Tekil Mesaj gösterimi
Alt 12-02-2007, 09:55   #17
imparator
Guest
 
imparator - ait Kullanıcı Resmi (Avatar)
 

2.f. Arap İstilası ve yeni bir dönem


Hz. Muhammed'in ölümünden bir kaç yıl sonra başlayan Arap fütuhatı, on yıl içinde İran'ın yanısıra Bizans'ın doğu eyaletlerini de Arap hakimiyeti altına aldı. Halife Ömer yönetimindeki Araplar'ın 634 yılından itibaren Bizans topraklarına girmesi ile başlayan Suriye ve Filistin'in istilası, Heraclius döneminde 20 Ağustos 636'da yapılan Yermük savaşında, Bizans kuvvetlerine karşı kazanılan zafer sonucu Kudüs'e kadar uzanırken, bu arada Antakya hicretin 17. yılında (Miladi Mart 638) Ebü Ubeyde bin Cerrah kuvvetlerine karşı kısa bir direnmeden sonra teslim oldu.
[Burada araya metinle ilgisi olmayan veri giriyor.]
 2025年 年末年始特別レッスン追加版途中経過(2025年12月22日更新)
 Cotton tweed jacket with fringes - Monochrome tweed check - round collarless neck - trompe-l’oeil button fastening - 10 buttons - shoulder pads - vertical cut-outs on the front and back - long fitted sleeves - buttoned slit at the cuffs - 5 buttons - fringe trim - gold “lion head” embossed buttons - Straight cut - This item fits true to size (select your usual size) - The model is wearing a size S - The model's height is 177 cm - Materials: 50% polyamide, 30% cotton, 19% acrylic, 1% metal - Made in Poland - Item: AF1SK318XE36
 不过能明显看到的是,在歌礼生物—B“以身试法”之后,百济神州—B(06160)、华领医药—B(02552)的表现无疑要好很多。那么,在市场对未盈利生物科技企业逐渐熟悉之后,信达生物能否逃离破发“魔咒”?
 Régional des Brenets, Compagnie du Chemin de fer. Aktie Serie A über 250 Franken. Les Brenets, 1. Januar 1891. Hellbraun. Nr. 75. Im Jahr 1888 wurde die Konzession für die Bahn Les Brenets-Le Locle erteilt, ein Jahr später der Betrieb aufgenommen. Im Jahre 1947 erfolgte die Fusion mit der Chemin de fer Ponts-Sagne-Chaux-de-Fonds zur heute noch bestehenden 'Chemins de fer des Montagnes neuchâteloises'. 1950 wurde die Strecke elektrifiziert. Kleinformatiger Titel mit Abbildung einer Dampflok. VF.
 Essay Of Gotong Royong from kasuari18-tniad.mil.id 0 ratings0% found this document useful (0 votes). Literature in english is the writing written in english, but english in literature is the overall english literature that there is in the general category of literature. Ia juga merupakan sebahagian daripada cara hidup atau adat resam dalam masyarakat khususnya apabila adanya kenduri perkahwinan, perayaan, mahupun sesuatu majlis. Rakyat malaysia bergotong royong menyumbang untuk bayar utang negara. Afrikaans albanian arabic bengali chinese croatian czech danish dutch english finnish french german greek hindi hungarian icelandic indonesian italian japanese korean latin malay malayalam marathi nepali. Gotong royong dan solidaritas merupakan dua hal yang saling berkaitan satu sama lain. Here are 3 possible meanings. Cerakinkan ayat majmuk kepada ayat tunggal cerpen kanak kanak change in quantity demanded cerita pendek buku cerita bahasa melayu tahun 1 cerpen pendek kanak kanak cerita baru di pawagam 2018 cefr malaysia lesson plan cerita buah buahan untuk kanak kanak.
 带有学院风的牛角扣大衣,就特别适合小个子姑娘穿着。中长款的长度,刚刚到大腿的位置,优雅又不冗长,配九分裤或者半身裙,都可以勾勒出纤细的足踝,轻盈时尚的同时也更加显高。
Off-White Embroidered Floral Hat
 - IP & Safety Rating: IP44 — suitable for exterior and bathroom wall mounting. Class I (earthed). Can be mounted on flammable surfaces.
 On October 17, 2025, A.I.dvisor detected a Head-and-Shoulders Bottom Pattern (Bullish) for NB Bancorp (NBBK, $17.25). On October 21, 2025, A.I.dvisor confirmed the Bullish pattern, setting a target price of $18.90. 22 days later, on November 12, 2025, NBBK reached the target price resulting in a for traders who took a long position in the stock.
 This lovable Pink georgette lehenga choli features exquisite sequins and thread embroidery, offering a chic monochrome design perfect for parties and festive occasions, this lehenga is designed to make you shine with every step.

Bu olay ile 9 asırdan bu yana devam eden ve Roma İmparatorluğu döneminde Doğunun Kraliçesi olarak anılan imparatorluğun doğu sınırında önemli bir askeri üs, bir kültür ve ticaret merkezi olan Antakya'nın tarihinde bir dönem kapanmış, asırlar boyu Roma ve Bizans kültürü yanında Hıristiyanlık ile yoğrulmuş olan mahalli özelliklerin İslam medeniyeti ile karışmasından meydana gelen bugünkü İslam kenti karakterinin oluşmasına neden olacak yeni ve uzun bir dönem açılmıştır.
Antakya, bundan sonraki yüzyıllarda da, Hıristiyan alemi için cazibisini daima korumuş, tekrar ele geçirilerek eski günlere dönmesi, her zaman gerçekleşmesi arzulanan bir rüya olmuştur. Bu rüya bir asır tekrar Bizans ve iki sıra yakın bir süre Haçlı Prensliği hakimiyeti sayesinde kısmen de olsa hakikat haline gelmiştir.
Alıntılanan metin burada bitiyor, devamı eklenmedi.